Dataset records
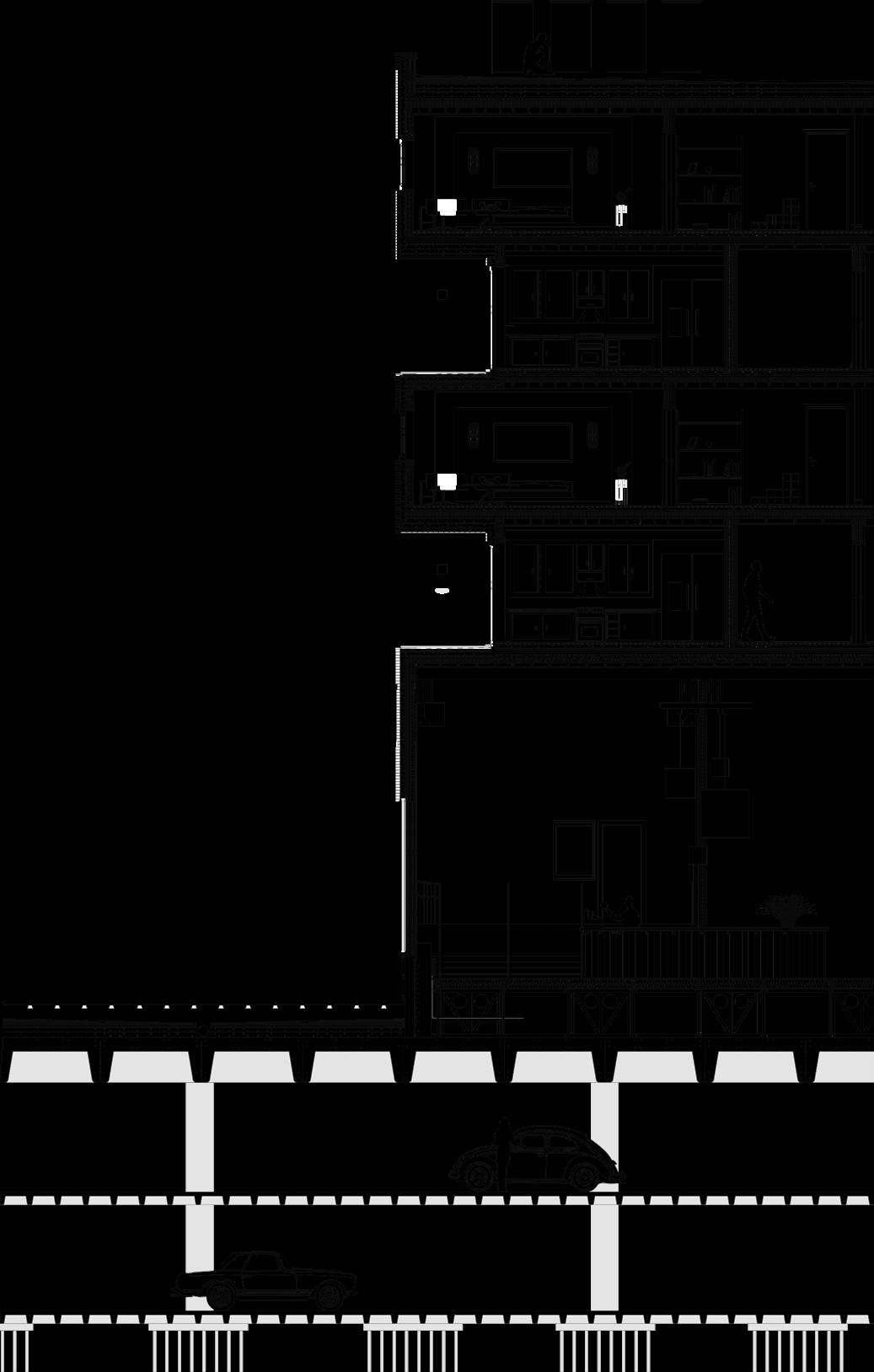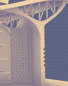 is animated by a brew pub, gaming café, and incubator kitchens, fostering engagement and economic opportunity while blurring the boundary bet ween public and private realms. Above, the residential component introduces skip-stop duplex units that ensure cross-ventilation, privacy, and af fordability Inspired by Le Corbusier’s Unité d’Habitation, these units prioritize multi-generational living, of fering three and four -bedroom families, and growing immigrant community The elevated
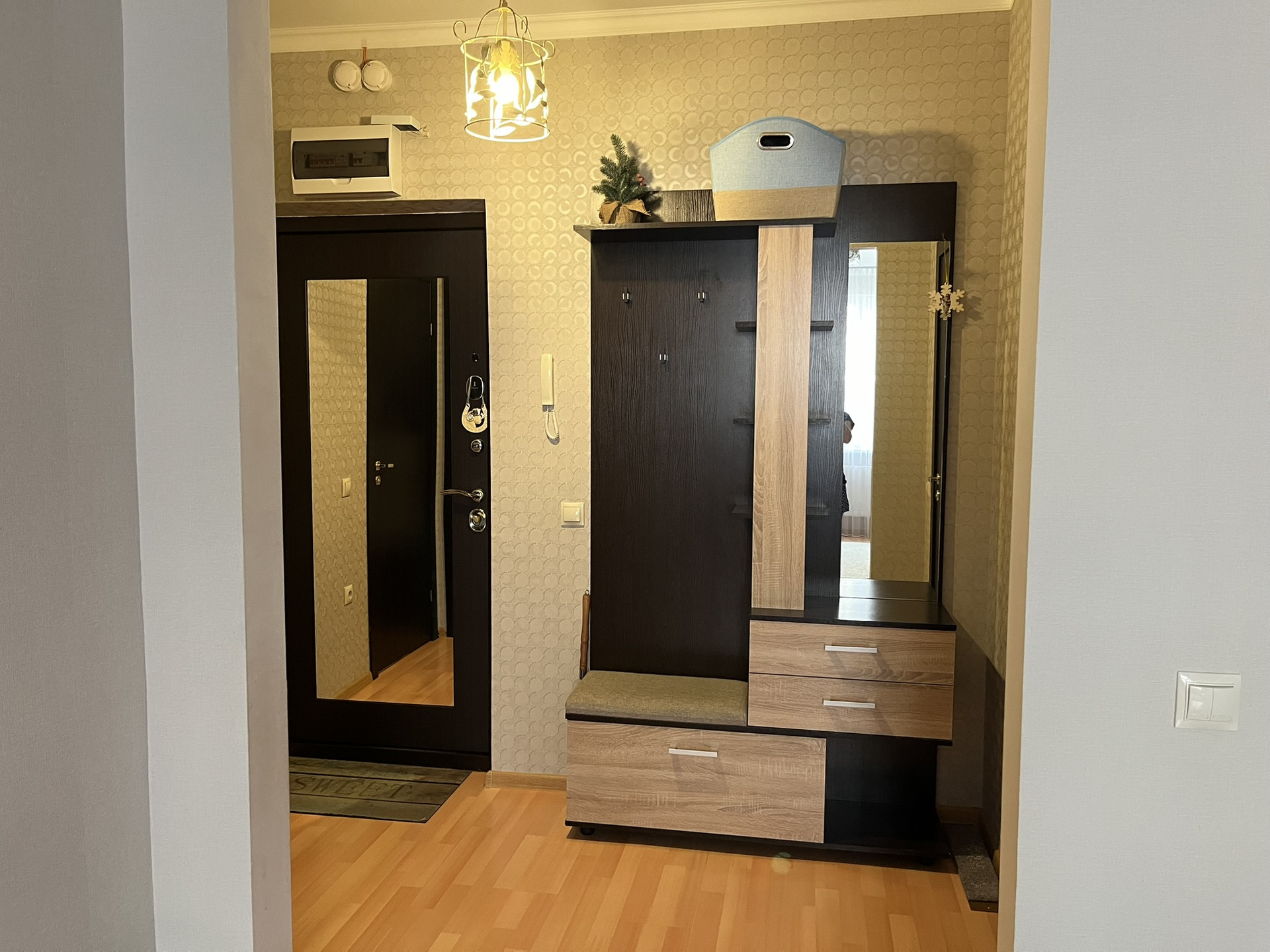 2. Прихожая - остается мебель прихожая (на фото),люстра, входная дверь НЕ ОТ застройщика, с ростовым встроенным зеркалом.
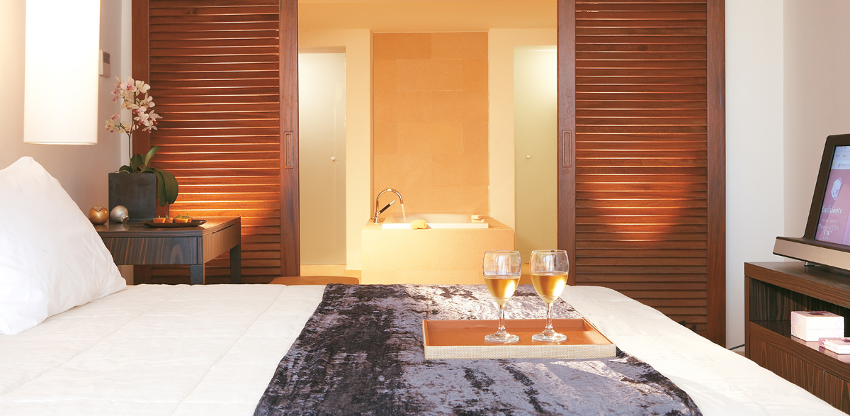 70 кв. м. Розташовується на першій лінії. Крило Lagoon, другий та третій поверх. Планування люксу: спальня з ліжком King size, вітальня відкритого плану, розкішна ванна розташована безпосередньо в спальні, дві раковини з туалетним столиком, окрема душова кабіна, мебльований балкон (5 кв. м). Фронтальний вид на море. До послуг гостей: намет на пляжі для вілл, холодильник для вина. Максимальне розміщення – 2 дорослих та 1 дитина.
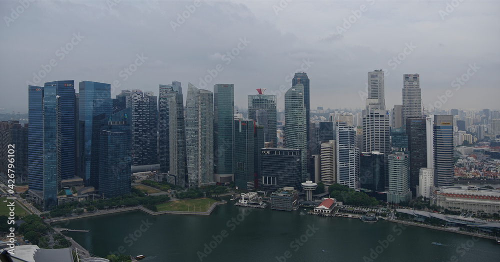 Canvas-taulu View of Collyer Quay from the observation deck of the hotel Marina By Sands
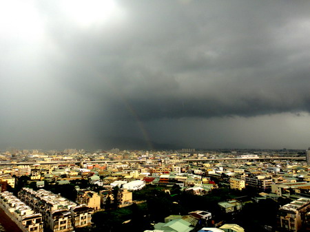 於是衝向頂樓,在雷聲閃光中拍下上面這張彩虹...
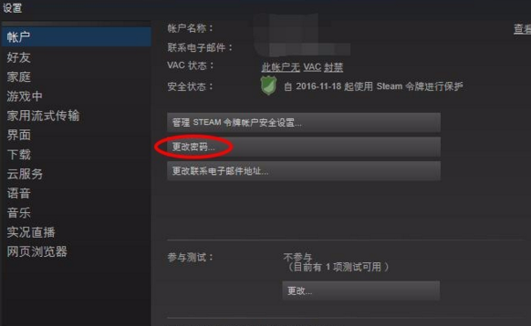 在登录steam后,点击steam在里面的设置里可以更改密码的,具体步骤如下。
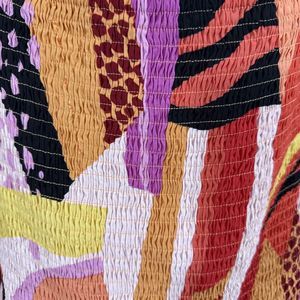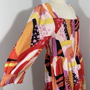 The Oddy Midi Dress in size 3XL is a vibrant and stylish choice for various occasions such as travel, weddings, parties, and more. This fit & flare dress features a square neckline, 3/4 balloon sleeves, and a beautiful smocked design. The dress is made from a comfortable knit fabric blend of nylon and rayon, with a multicolor geometric pattern accented by a bow detail. Perfect for curvy women, the dress exudes a bohemian, beachy vibe, making it a great option for vacations or casual outings.
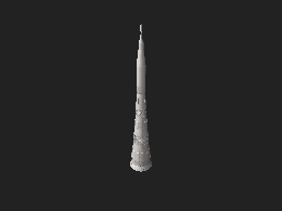 The N1 was a very large rocket, standing 105 meters (344 ft) tall with its L3 payload. The N1-L3 consisted of five stages in total: the first three (N1) for insertion into a low Earth parking orbit, and another two (L3) for translunar injection and lunar orbit insertion. Fully loaded and fueled, the N1-L3 weighed 2,750 tonnes (6,060,000 lb). The lower three stages were shaped to produce a single frustum 17 meters (56 feet) wide at the base,[23] while the L3 section was mostly cylindrical, carried inside a shroud an estimated 3.5 meters (11 feet) wide.[24] The conical shaping of the lower stages was due to the arrangement of the tanks within, a smaller spherical kerosene tank on top of the larger liquid oxygen tank below.

> **REQUIREMENT**
If an entry holds a picture, leave the picture out and repeat the rest exactly.

> **TASK SOLUTION**
 is animated by a brew pub, gaming café, and incubator kitchens, fostering engagement and economic opportunity while blurring the boundary bet ween public and private realms. Above, the residential component introduces skip-stop duplex units that ensure cross-ventilation, privacy, and af fordability Inspired by Le Corbusier’s Unité d’Habitation, these units prioritize multi-generational living, of fering three and four -bedroom families, and growing immigrant community The elevated
 2. Прихожая - остается мебель прихожая (на фото),люстра, входная дверь НЕ ОТ застройщика, с ростовым встроенным зеркалом.
 70 кв. м. Розташовується на першій лінії. Крило Lagoon, другий та третій поверх. Планування люксу: спальня з ліжком King size, вітальня відкритого плану, розкішна ванна розташована безпосередньо в спальні, дві раковини з туалетним столиком, окрема душова кабіна, мебльований балкон (5 кв. м). Фронтальний вид на море. До послуг гостей: намет на пляжі для вілл, холодильник для вина. Максимальне розміщення – 2 дорослих та 1 дитина.
 Canvas-taulu View of Collyer Quay from the observation deck of the hotel Marina By Sands
 於是衝向頂樓,在雷聲閃光中拍下上面這張彩虹...
 在登录steam后,点击steam在里面的设置里可以更改密码的,具体步骤如下。
 The Oddy Midi Dress in size 3XL is a vibrant and stylish choice for various occasions such as travel, weddings, parties, and more. This fit & flare dress features a square neckline, 3/4 balloon sleeves, and a beautiful smocked design. The dress is made from a comfortable knit fabric blend of nylon and rayon, with a multicolor geometric pattern accented by a bow detail. Perfect for curvy women, the dress exudes a bohemian, beachy vibe, making it a great option for vacations or casual outings.
 The N1 was a very large rocket, standing 105 meters (344 ft) tall with its L3 payload. The N1-L3 consisted of five stages in total: the first three (N1) for insertion into a low Earth parking orbit, and another two (L3) for translunar injection and lunar orbit insertion. Fully loaded and fueled, the N1-L3 weighed 2,750 tonnes (6,060,000 lb). The lower three stages were shaped to produce a single frustum 17 meters (56 feet) wide at the base,[23] while the L3 section was mostly cylindrical, carried inside a shroud an estimated 3.5 meters (11 feet) wide.[24] The conical shaping of the lower stages was due to the arrangement of the tanks within, a smaller spherical kerosene tank on top of the larger liquid oxygen tank below.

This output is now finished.